Stocks Or Bonds? Try The Best Of Both Worlds

Stock investors have the opportunity to make considerable profits, but they have to take on risk in order to achieve those profits. Bond investors typically don’t have much upside, but instead they earn steady income with a high degree of safety.

But, there is a little-talked-about investment that allows you to participate in a rising stock price with the safety of a bond.

Convertible bonds are bonds that can be swapped for stock if the stock price has gone up. Alternatively, they can be kept as a bond until maturity, ensuring the bondholder gets their money back even if the stock falls.

Here’s how it works:

When a company issues a convertible bond, it usually can do it at a lower interest rate than a regular bond, saving the company money on interest payments. Additionally, because it is not selling stock immediately, there is no perception of dilution. Dilution occurs when a company sells more stock.

For example, if a company that has 10 million shares of stock outstanding sells an additional 1 million shares, this action dilutes existing shareholders by 10% because there are now 10% more shares outstanding. When the company sells the stock, a press release is usually issued, and the entire market knows that the company just diluted its shareholders by 10%.

However, if convertible bondholders convert their bonds to shares, no such announcement is made. And not every bondholder will choose to convert their bonds to stock. Convertible bonds are issued either at a premium or a specified conversion ratio.

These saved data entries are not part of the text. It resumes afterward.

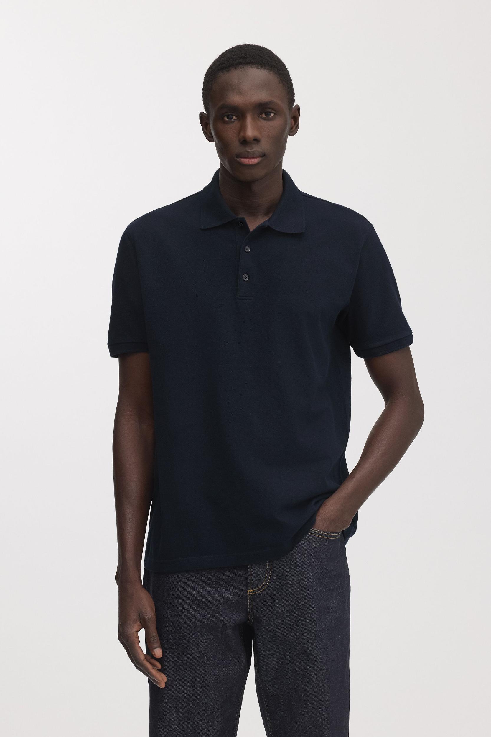 The Pique Polo in Dark Navy. A minimalist pique polo shirt made from premium quality 100% organic Egyptian cotton, available in long, regular and short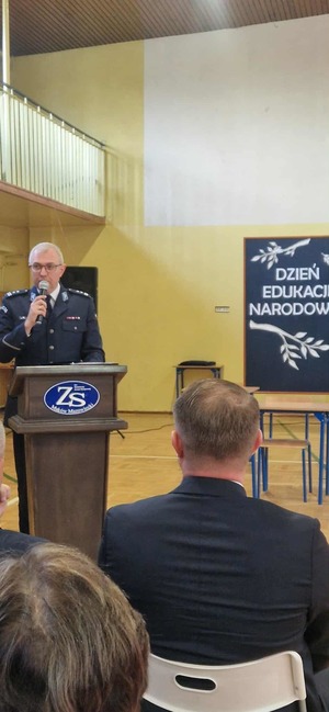 Podczas uroczystości komendant powiatowy w imieniu Komendanta Wojewódzkiego Policji zs. w Radomiu nadinsp. Waldemara Wołowca odczytał list z podziękowaniami i gratulacjami dla dyrektora i nauczycieli z okazji Dania Edukacji Narodowej.
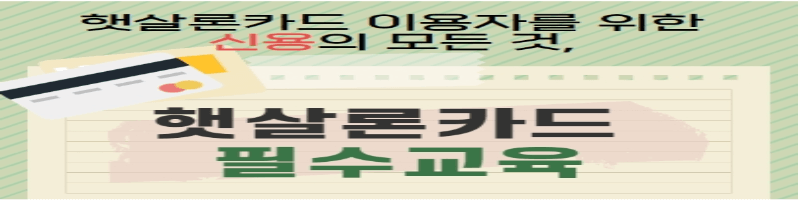 햇살론 카드를 발급받으려면 햇살론카드 이용자 교육을 필수 3과목 이상 수강해야 합니다. 수강하면 자동으로 전산으로 체크가 되기 때문에, 이 교육을 안 받는다면 햇살론 카드도 받을수 없습니다.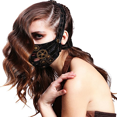 -. Brand : STEELMASTER -. Color : Black -. Department : unisex-adult -. EAN : 0714485896651 -. Feature : Solid black leather simulation and skeleton head bump nail decoration into the hand of effect. / With elastic rope hang on the ear. / High-grade metal chain hanging type +D buttons. / Style:Steampunk,gothic,Holloween / Size:Free -. IsAdultProduct : 0 -. PackageQuantity : 1 -. ProductGroup : Apparel -. ProductTypeName : ADULT_COSTUME -. Size : Free -. Title : Steampunk Mask Metal Gear Holloween Cosplay Black Leather Mask -. UPC : 714485896651
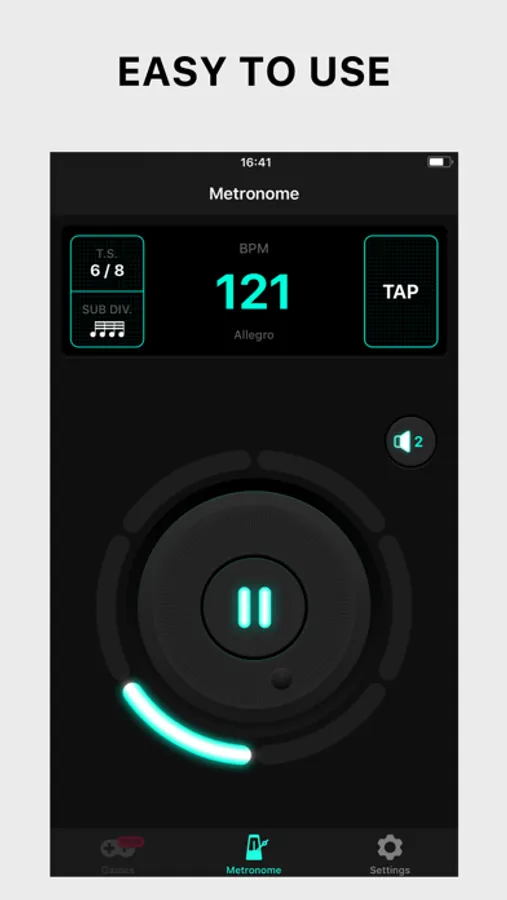 Intuitive to use with a beautiful interface, it offers many ways to personalize your experience. The possibilities are almost infinite: The BPM beats per minute can be set on a wheel, from 30 to 250 beats. It can also be set manually with the Tap BPM feature. Finally, Time Signature and Subdvisions can also be changed to fit your specific needs.

For example, a company with a stock trading at $40 may issue a convertible bond with a 25% premium. That means the bondholder can convert the bond to shares at a 25% premium to the stock price when the bond is issued – in this case, $50 a share.

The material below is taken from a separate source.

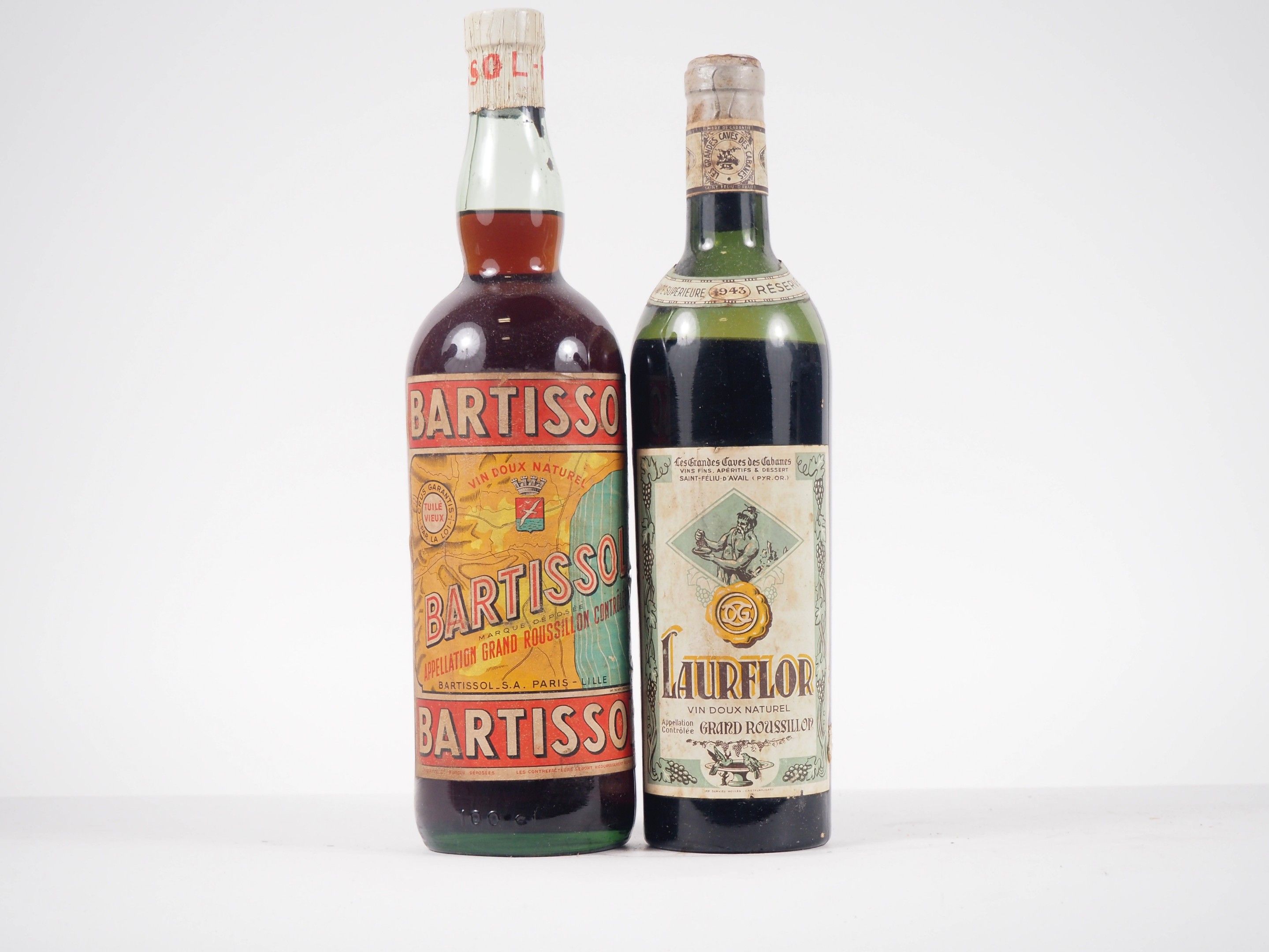2 BOTTLES: 1 BARTISSOL GRAND ROUSSILLON/1 LAURFLOR GRAND ROUSSILLON - 1943 - LOW LEVEL

If, at maturity, the stock is trading above $50, convertible bondholders immediately see a profit in their shares (and they collect interest income before converting). If the stock is trading below $50, they don’t have to convert, and instead can get their $1,000 per bond at maturity. (Most bonds are issued at $1,000 par value. Investors may pay more or less than $1,000 when they buy them in the open market. But, at maturity, bondholders receive $1,000 per bond.)